Start of RECORDS TO PROCESS
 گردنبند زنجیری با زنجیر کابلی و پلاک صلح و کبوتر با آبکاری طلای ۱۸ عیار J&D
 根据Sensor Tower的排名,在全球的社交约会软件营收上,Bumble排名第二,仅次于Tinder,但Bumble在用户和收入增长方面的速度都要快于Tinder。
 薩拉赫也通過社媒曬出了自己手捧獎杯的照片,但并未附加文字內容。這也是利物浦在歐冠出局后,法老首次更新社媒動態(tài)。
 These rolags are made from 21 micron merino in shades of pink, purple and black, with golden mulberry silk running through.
End of RECORDS TO PROCESS
Start of RECORDS TO PROCESS
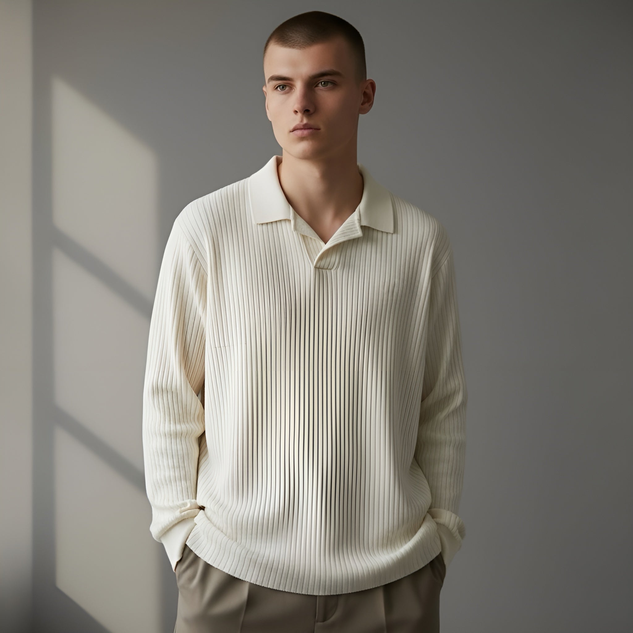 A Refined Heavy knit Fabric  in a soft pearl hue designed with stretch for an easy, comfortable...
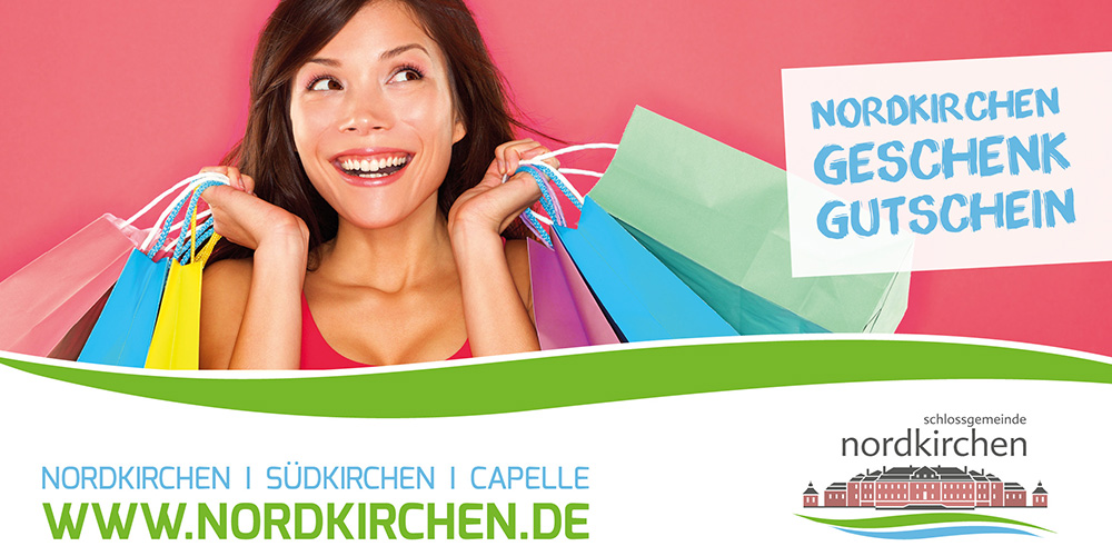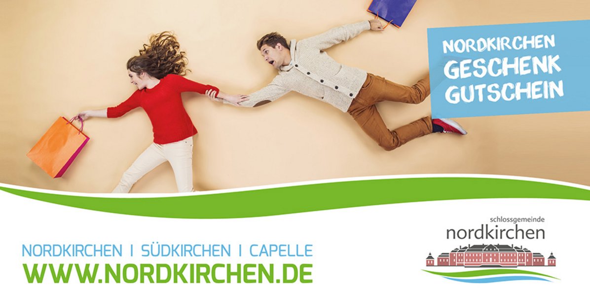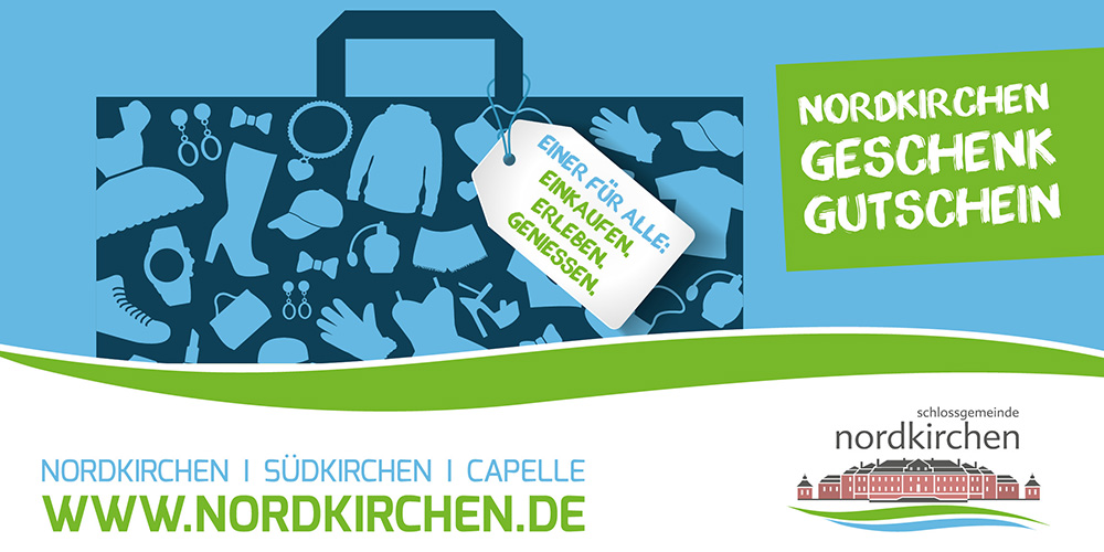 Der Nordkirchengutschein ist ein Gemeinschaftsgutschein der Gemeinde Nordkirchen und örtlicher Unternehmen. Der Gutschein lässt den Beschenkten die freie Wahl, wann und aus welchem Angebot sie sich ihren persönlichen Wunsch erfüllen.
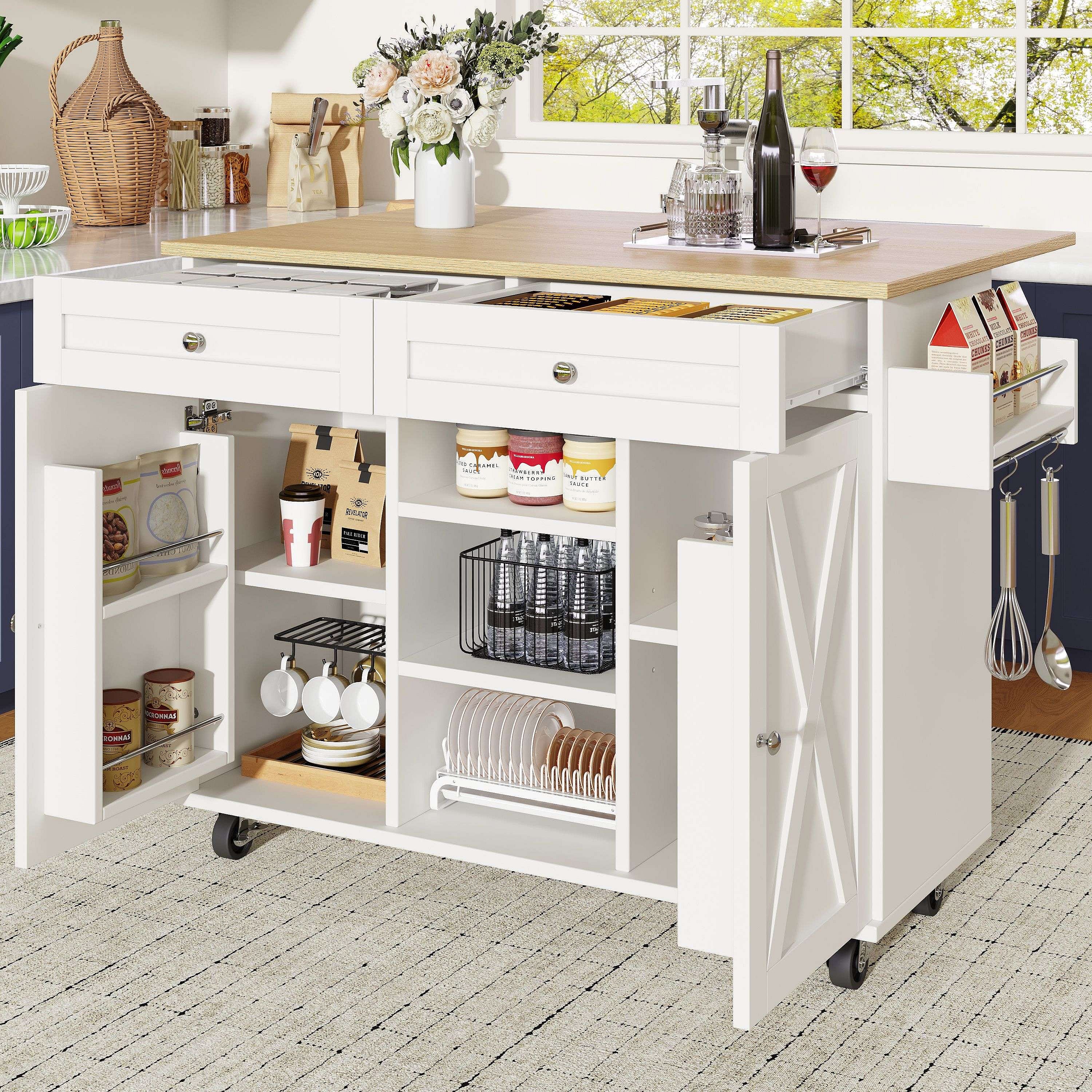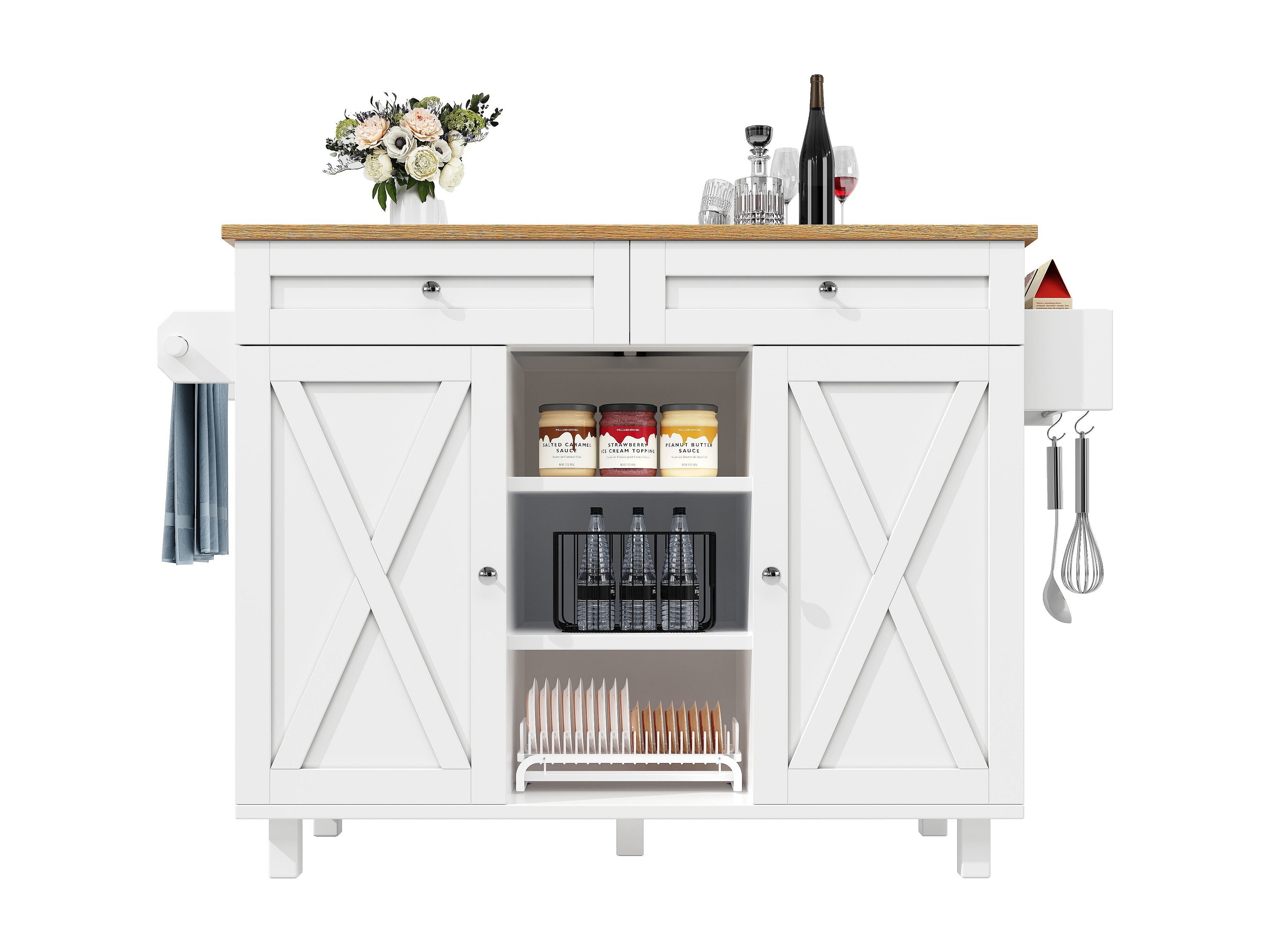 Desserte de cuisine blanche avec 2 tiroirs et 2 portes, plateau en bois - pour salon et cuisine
End of RECORDS TO PROCESS
**YOUR TASK**
All that should be written out is the stretch of lines above between the one holding "گردنبند زنجیری با" and the one holding "These rolags are", inclusive, exactly as given.

**PROBLEM SOLUTION**
 گردنبند زنجیری با زنجیر کابلی و پلاک صلح و کبوتر با آبکاری طلای ۱۸ عیار J&D
 根据Sensor Tower的排名,在全球的社交约会软件营收上,Bumble排名第二,仅次于Tinder,但Bumble在用户和收入增长方面的速度都要快于Tinder。
 薩拉赫也通過社媒曬出了自己手捧獎杯的照片,但并未附加文字內容。這也是利物浦在歐冠出局后,法老首次更新社媒動態(tài)。
 These rolags are made from 21 micron merino in shades of pink, purple and black, with golden mulberry silk running through.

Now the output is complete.